Protobuf¶
Zero-dependency proto3 encoder/decoder using Python dataclass schemas -- stdlib only, Python 3.10+.
Replaces:
protobuf(google),betterproto
Overview¶
The protobuf module encodes and decodes Protocol Buffers (proto3) wire format using plain Python dataclasses as message schemas. No protoc compiler, no .proto files, no C extensions.
| File | Description | Dependencies |
|---|---|---|
protobuf/protobuf.py |
Proto3 encoder/decoder | None (stdlib only) |
Key Features¶
- Dataclass schemas — define messages with
@messagedecorator +field(number) - Full proto3 scalar support — int32/64, uint32/64, sint32/64, fixed32/64, sfixed32/64, float32, double, bool, string, bytes
- Composite types — nested messages,
repeated[T],map_field[K, V], enums (IntEnum) - Oneof groups — field grouping via
oneof="group_name"parameter - Proto3 semantics — zero-value fields not serialized, packed repeated scalars by default
- Unknown field preservation — unknown fields survive parse → serialize round-trips
- Dict conversion —
to_dict()/from_dict()for JSON-friendly representation - Size calculation —
byte_size()computes serialized size without allocating bytes - No codegen — no
.protofiles, noprotoc, no build step
How to Use in Your Project¶
Usage Examples¶
Basic Message¶
from protobuf import message, field, int32
@message
class Person:
name: str = field(1)
id: int32 = field(2)
email: str = field(3)
person = Person(name="Alice", id=123, email="alice@example.com")
data = person.serialize() # bytes
parsed = Person.parse(data) # Person instance
print(parsed.name) # "Alice"
All Scalar Types¶
from protobuf import (
message, field,
int32, int64, uint32, uint64, sint32, sint64,
fixed32, fixed64, sfixed32, sfixed64,
float32, double, bool_,
)
@message
class Scalars:
a: int32 = field(1) # varint, 32-bit signed
b: int64 = field(2) # varint, 64-bit signed
c: uint32 = field(3) # varint, 32-bit unsigned
d: uint64 = field(4) # varint, 64-bit unsigned
e: sint32 = field(5) # varint + ZigZag, 32-bit
f: sint64 = field(6) # varint + ZigZag, 64-bit
g: fixed32 = field(7) # 4-byte little-endian unsigned
h: fixed64 = field(8) # 8-byte little-endian unsigned
i: sfixed32 = field(9) # 4-byte little-endian signed
j: sfixed64 = field(10) # 8-byte little-endian signed
k: float32 = field(11) # 4-byte IEEE 754
l: double = field(12) # 8-byte IEEE 754
m: bool_ = field(13) # varint (0 or 1)
n: str = field(14) # UTF-8 length-delimited
o: bytes = field(15) # raw length-delimited
Nested Messages¶
@message
class Address:
street: str = field(1)
city: str = field(2)
@message
class Company:
name: str = field(1)
address: Address = field(2)
company = Company(name="Acme", address=Address(street="123 Main St", city="Springfield"))

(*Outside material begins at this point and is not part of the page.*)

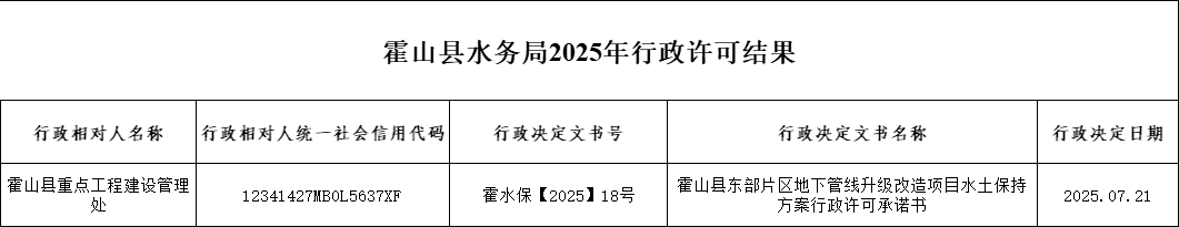 | 名 称: | 霍山县水务局2025年行政许可结果(十四) | ||
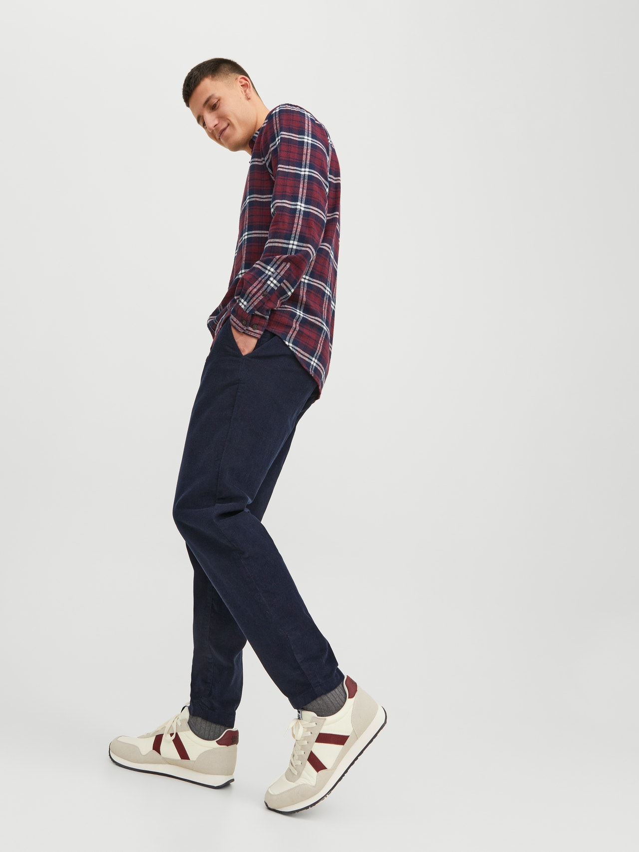 Los pantalones chinos son una prenda esencial en esta categoría. Es la prenda intermedia entre un pantalón de vestir y un modelo más informal de 5 bolsillos. Su estilo es mucho más sobrio, y cuenta únicamente con bolsillos delanteros y traseros.

data = company.serialize()
parsed = Company.parse(data)
print(parsed.address.city) # "Springfield"
Repeated Fields¶
from protobuf import message, field, int32, repeated
@message
class NumberList:
values: repeated[int32] = field(1) # packed encoding
names: repeated[str] = field(2) # length-delimited per element
obj = NumberList(values=[1, 2, 3, 4, 5], names=["a", "b", "c"])
parsed = NumberList.parse(obj.serialize())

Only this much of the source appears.